Records drawn from a dataset
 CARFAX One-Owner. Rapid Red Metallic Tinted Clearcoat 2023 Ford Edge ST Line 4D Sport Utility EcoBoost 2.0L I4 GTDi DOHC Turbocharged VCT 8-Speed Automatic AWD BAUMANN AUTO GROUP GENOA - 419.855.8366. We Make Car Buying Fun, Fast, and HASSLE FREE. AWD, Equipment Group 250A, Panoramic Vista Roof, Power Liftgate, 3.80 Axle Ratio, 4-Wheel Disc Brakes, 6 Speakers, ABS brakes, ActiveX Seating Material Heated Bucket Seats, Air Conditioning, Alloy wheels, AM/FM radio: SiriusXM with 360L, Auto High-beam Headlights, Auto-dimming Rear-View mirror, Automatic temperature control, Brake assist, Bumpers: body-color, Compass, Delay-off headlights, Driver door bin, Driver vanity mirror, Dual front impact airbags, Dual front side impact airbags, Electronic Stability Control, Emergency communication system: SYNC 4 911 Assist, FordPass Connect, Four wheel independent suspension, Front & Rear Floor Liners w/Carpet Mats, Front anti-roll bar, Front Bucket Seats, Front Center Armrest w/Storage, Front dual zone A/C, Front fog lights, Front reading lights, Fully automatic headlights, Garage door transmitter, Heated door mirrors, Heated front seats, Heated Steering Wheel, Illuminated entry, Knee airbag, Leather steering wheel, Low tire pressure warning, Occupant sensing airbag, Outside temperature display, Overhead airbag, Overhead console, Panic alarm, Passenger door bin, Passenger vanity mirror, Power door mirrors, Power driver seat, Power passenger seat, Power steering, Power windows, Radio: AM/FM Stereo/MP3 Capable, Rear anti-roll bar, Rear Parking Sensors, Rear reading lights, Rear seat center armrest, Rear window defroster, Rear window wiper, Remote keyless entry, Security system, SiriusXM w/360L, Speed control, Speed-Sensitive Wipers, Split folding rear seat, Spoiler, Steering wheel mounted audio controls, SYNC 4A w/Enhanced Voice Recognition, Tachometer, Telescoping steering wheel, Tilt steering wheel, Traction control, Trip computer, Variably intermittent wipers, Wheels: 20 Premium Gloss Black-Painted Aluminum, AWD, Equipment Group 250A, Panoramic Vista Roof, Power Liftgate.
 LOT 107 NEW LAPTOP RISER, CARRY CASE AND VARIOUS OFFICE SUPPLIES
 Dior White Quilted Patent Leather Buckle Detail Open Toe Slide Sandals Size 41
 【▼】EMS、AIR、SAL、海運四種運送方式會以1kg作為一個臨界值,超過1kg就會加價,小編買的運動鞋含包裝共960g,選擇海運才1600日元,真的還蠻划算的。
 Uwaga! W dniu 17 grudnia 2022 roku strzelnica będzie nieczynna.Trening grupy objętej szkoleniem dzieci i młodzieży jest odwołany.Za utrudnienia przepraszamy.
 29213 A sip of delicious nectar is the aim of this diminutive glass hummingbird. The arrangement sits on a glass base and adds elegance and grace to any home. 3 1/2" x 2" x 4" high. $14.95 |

_Task goal_. Could you reproduce exactly the lines of the entries above, from the one with "Dior White Quilted" through the one with "Uwaga! W dniu", and nothing else?

_Answer area_.
 Dior White Quilted Patent Leather Buckle Detail Open Toe Slide Sandals Size 41
 【▼】EMS、AIR、SAL、海運四種運送方式會以1kg作為一個臨界值,超過1kg就會加價,小編買的運動鞋含包裝共960g,選擇海運才1600日元,真的還蠻划算的。
 Uwaga! W dniu 17 grudnia 2022 roku strzelnica będzie nieczynna.Trening grupy objętej szkoleniem dzieci i młodzieży jest odwołany.Za utrudnienia przepraszamy.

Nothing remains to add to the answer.